I would like to use the first step of a scikit-learn pipeline to generate a toy data set in order to evaluate the performance of my analysis. An as-simple-as-it-gets-example solution I came up with looks like the following:
import numpy as np
from sklearn.pipeline import Pipeline
from sklearn.grid_search import GridSearchCV
from sklearn.base import TransformerMixin
from sklearn import cluster
class FeatureGenerator(TransformerMixin):
def __init__(self, num_features=None):
self.num_features = num_features
def fit(self, X, y=None, **fit_params):
return self
def transform(self, X, **transform_params):
return np.array(
range(self.num_features*self.num_features)
).reshape(self.num_features,
self.num_features)
def get_params(self, deep=True):
return {"num_features": self.num_features}
def set_params(self, **parameters):
self.num_features = parameters["num_features"]
return self
This transformer in action would e. g. be called like this:
pipeline = Pipeline([
('pick_features', FeatureGenerator(100)),
('kmeans', cluster.KMeans())
])
pipeline = pipeline.fit(None)
classes = pipeline.predict(None)
print classes
It gets tricky for me as soon as I try to grid search over this pipeline:
parameter_sets = {
'pick_features__num_features' : [10,20,30],
'kmeans__n_clusters' : [2,3,4]
}
pipeline = Pipeline([
('pick_features', FeatureGenerator()),
('kmeans', cluster.KMeans())
])
g_search_estimator = GridSearchCV(pipeline, parameter_sets)
g_search_estimator.fit(None,None)
The grid search expects the samples and the labels as input and is not as robust as the pipeline, which does not complain about None
as input parameter:
TypeError: Expected sequence or array-like, got <type 'NoneType'>
This makes sense, because the grid search needs to divide the data set in to different cv-partitions.
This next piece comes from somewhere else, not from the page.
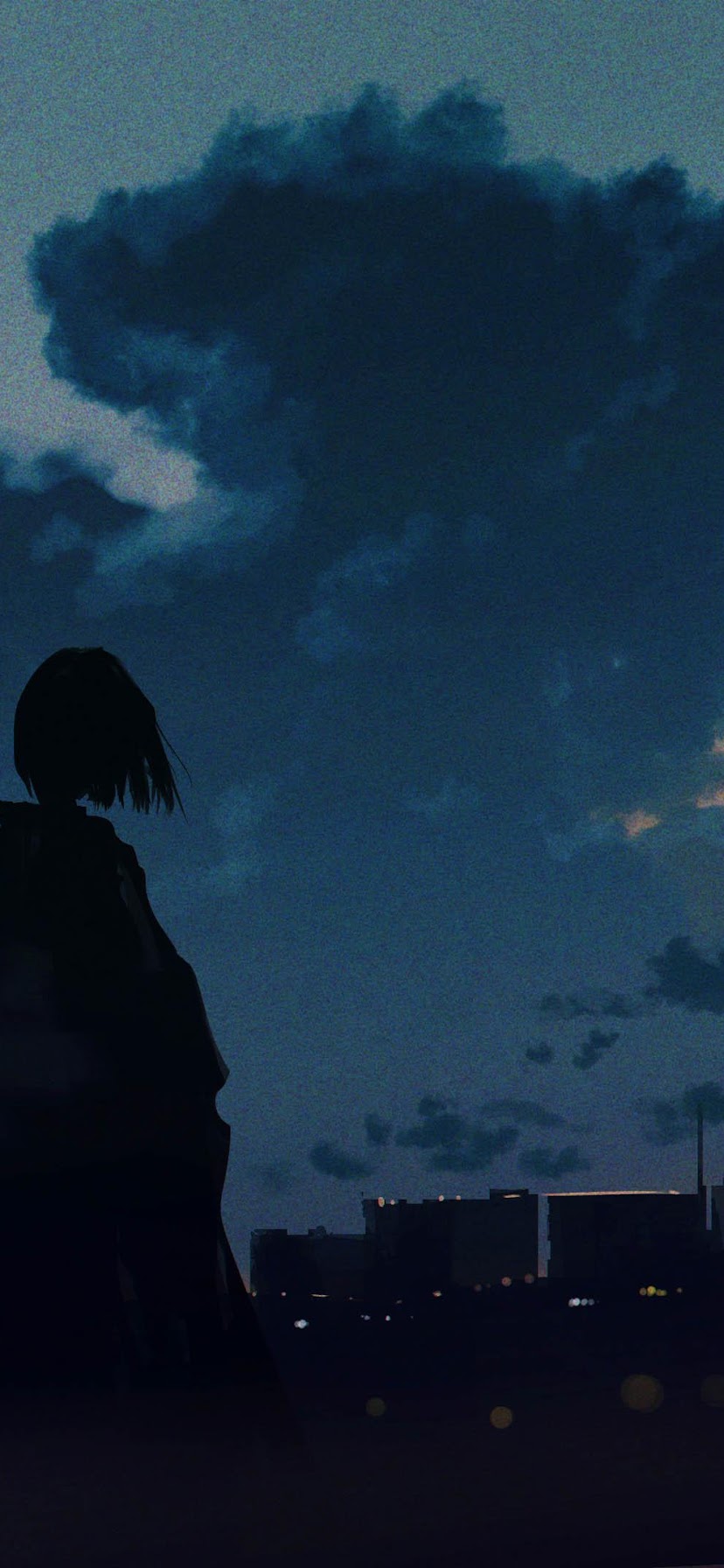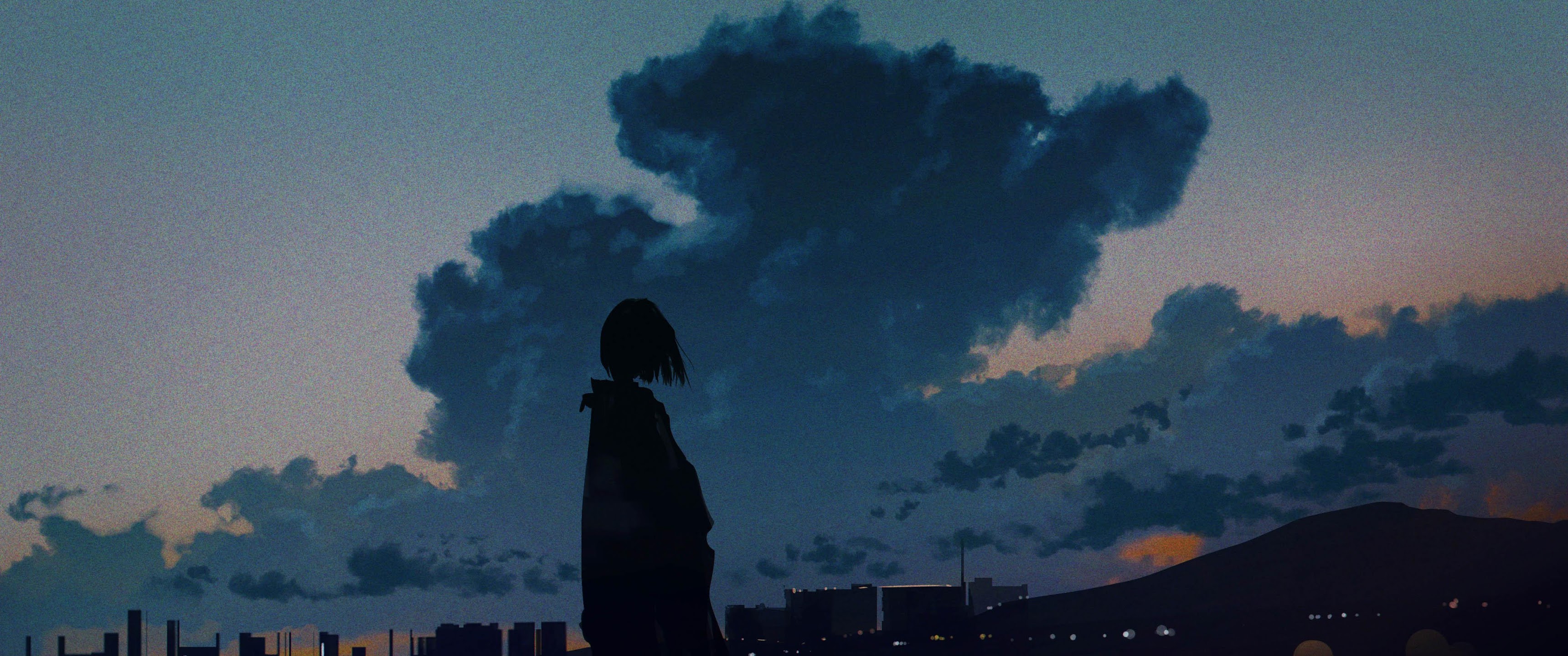 Anime Art, Twilight Sky, Cityscape Silhouette, Moody Aesthetic 4K Desktop and Mobile Wallpaper Background with a maximum resolution of 4096x2160 px.

Other than in the above example, I have a lot of parameters, that can be adjusted in the data set generation step. I thus need a solution to include this step into my parameter selection cross-validation.
Question: Is there a way to set the X
s and y
s of the GridSearch from inside the first transformer? Or how could a solution look like, that calls the GridSearch with multiple different data sets (preferably parallel)? Or has anyone tried to customize GridSearchCV
or can point to some reading materials on this?